ByNathan Jeffay, Nathan Jeffay

Opinion

Separation not co-operation is peace aim now

After Oslo, we longed to be good neighbours; today, it’s a question of turning our backs

May 6, 2010 10:32
2 min read

An Israeli television crew got a shock recently on a visit to the Palestinian city of Ramallah. For it seems that the "moderate" Palestinian Authority, upon which the world has pinned hopes for peace, has paid tribute to a terrorist. A brand new road-sign informed the TV crew that they were standing on Yahya Ayyash Street, named in honour of one of Hamas's most notorious bomb-makers. Ayyash, who was assassinated by Israel in 1996, also helped to direct suicide attacks that killed dozens of Israelis.

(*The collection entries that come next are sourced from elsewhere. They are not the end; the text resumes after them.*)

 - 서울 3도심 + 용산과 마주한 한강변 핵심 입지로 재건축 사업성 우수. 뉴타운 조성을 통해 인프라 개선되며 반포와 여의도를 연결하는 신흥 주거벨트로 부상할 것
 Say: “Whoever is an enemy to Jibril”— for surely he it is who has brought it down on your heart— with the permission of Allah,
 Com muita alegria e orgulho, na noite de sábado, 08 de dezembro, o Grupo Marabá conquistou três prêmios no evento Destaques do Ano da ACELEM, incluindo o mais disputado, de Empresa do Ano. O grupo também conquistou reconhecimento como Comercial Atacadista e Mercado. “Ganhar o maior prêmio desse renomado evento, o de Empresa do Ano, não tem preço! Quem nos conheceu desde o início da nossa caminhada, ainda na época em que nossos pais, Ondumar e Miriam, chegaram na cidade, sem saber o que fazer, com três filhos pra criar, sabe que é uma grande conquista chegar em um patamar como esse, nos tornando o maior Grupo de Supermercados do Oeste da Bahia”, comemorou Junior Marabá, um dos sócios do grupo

Ramallah is the PA's administrative capital. The street in question is used by numerous top PA officials every day - it is alongside the office of Prime Minister Salam Fayyad and the building site for the new presidential compound. So this is hardly a hidden or unapproved move.

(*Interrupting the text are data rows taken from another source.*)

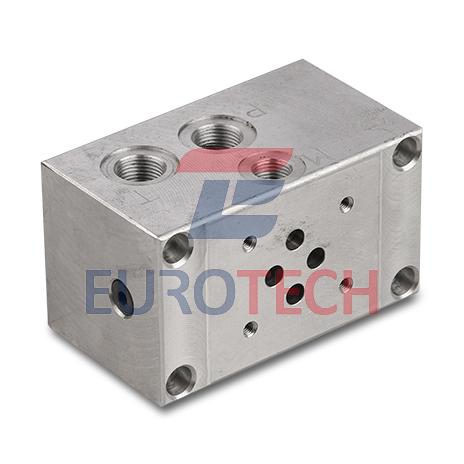 Одноместная монтажная плита. Под клапан CETOP3. Возможность установки картриджного предохранительного клапана и манометра. Материал - Алюминий.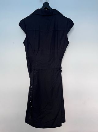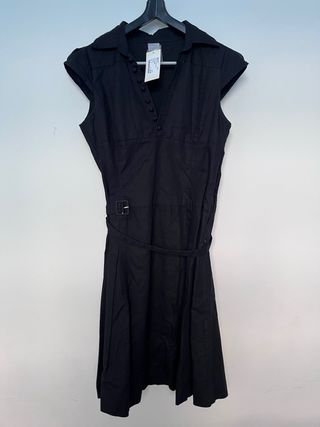 Vestido elegante de color negro, ideal para diversas ocasiones. - Diseño con cuello camisero. - Detalle de botones en la parte frontal. - Cinturón a juego para marcar la cintura. - Sin estrenar.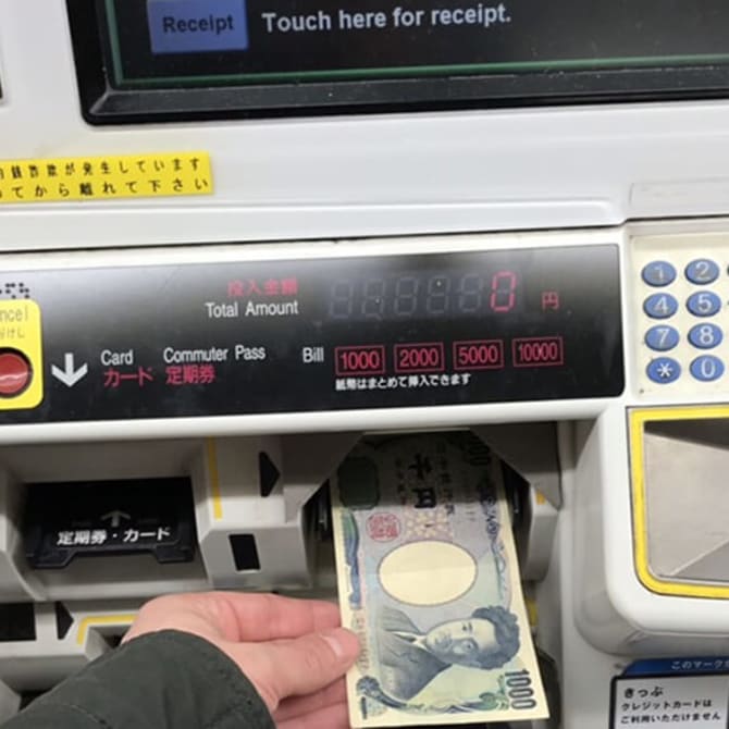 Bỏ tiền vào khe thanh toán (máy nhận cả tiền xu và tiền giấy), vé tàu tự động chạy ra ở khe nhận vé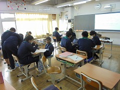 2学年は、職場体験学習のまとめとして発表資料を作成していました。先月、参加した職場での仕事内容や仕事で学んだ大切なことなどを振り返りながら、これからの自分の生き方に触れて考える姿が印象的でした。1学年は、ピア・サポートを実践していました。人との関わり方等を学ぶにはとても大切な学習内容です。多くの意見が八票差照れいました。今日から、本格的な寒さとなります。インフルエンザも流行していますので、残り2週間気をつけながら過ごしてほしいと願います。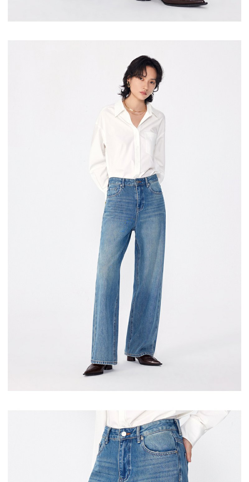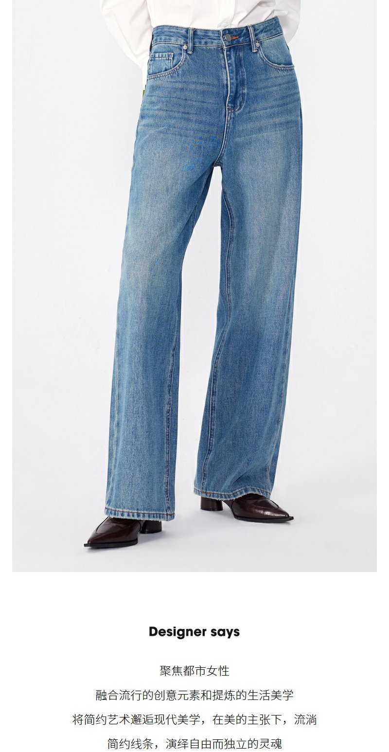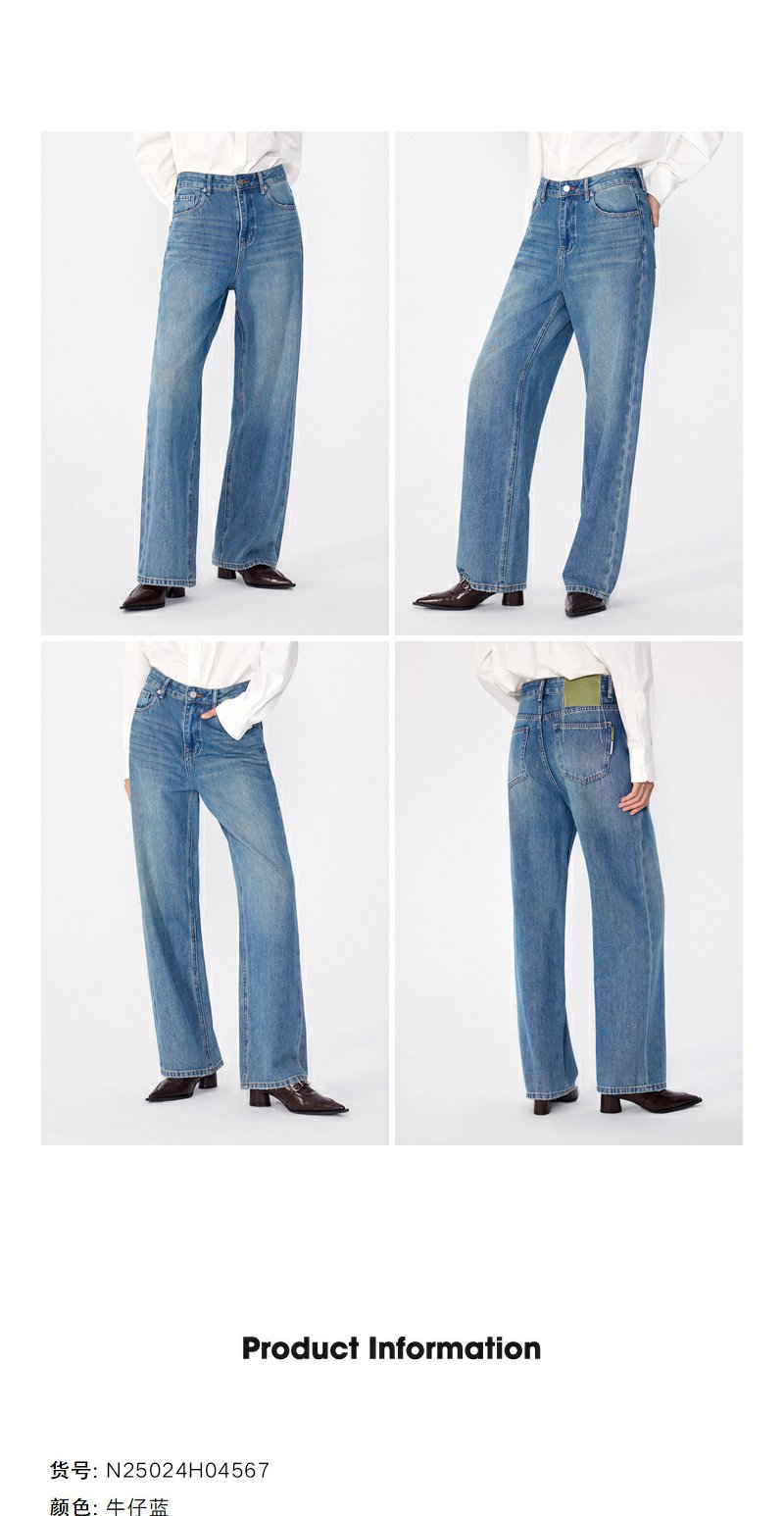 NEELLY纳俪商场同款春季新款莱赛尔高腰直筒裤水洗牛仔裤长裤女N25024H04567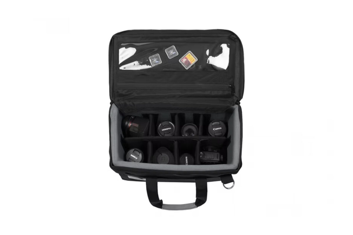LB-1Bは角ばった箱型の形状で、丈夫なフレームとパッドを備えたレンズバッグです。 仕切板が付属し、レンズを整理することができます。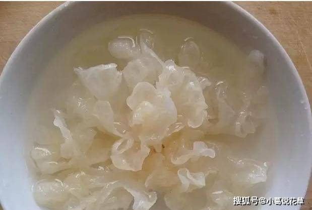 第三步:将60克雪菇放入碗中,加入适量清水,将雪菇泡软,撕成小花。将雪菇用温水浸泡半小时,这样更容易煮雪菇。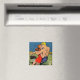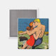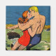 Ilustração colorida de um beijo de casal enquanto esquiava atrás de um barco. De uma revista em quadrinhos vintage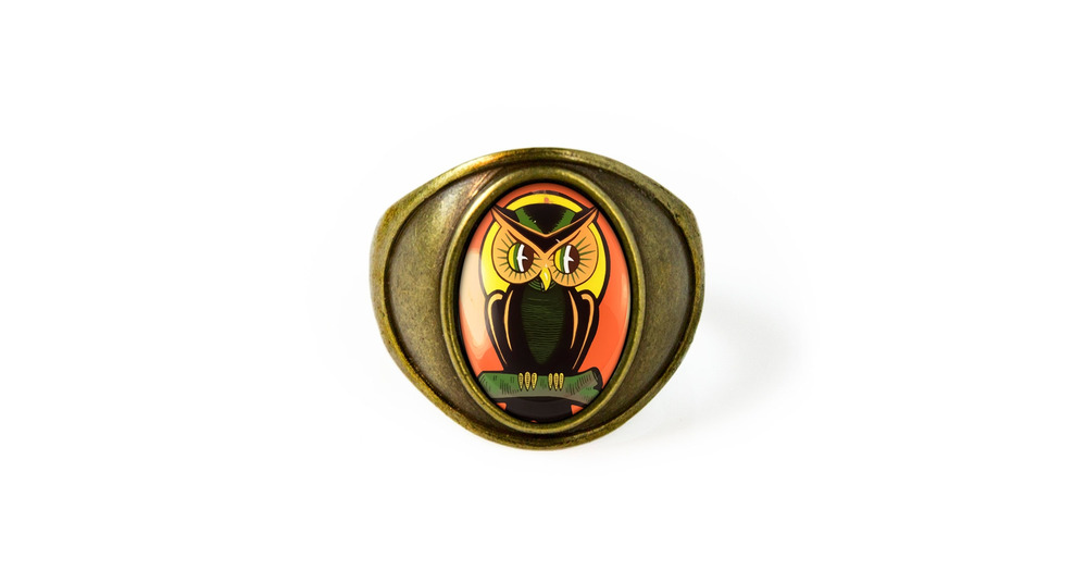 Retro Cartoon Halloween Owl Vintage Art Glass Antique Bronze Size 7 Glass Ring 144-BSOR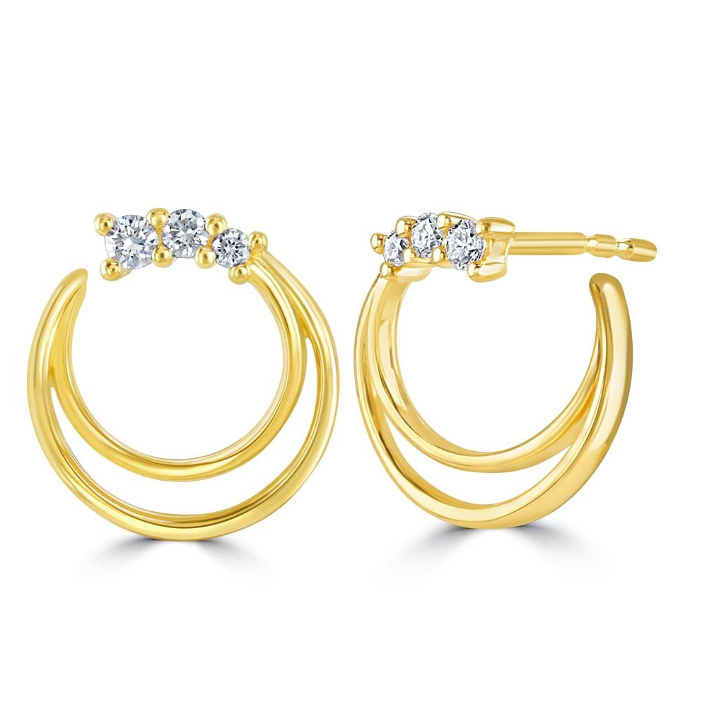 Add a touch of sophistication to your jewellery collection with these stunning 18ct yellow gold stud earrings. Featuring a unique double-stranded twisted crescent shape, each earring is adorned with three graduated round brilliant-cut diamonds, claw set at the top. The total diamond weight for both earrings is 0.12ct, offering a delicate yet captivating sparkle. The warm, rich hue of the yellow gold beautifully complements the radiant diamonds, creating a timeless and elegant look. The post and butterfly fittings ensure a secure and comfortable fit, making these earrings perfect for both everyday wear and special occasions. Whether you're dressing up for a formal event or adding a touch of luxury to your daily attire, these earrings are the perfect accessory to enhance any outfit.

America tried this week to restart negotiations, which is certainly good news in this troubled region. But whatever is decided in talks on borders and the like, the messages the respective authorities send to their people about the other side are vitally important. During the Oslo peace process of the 1990s, there was an almost utopian sense on both sides that attitudes towards the other could change to such an extent that feelings of enmity could be transformed into friendship. The peace process, it was hoped - indeed, even expected - would bring forth an era of mutually advantageous coexistence.

Today, the vision is very different - from both sides. The two-state solution is no longer viewed as a prelude to marriage but as a route to divorce. A "quickie" divorce at that, based on a perceived urgent need for the two sides to go their separate ways in fear of what could happen otherwise.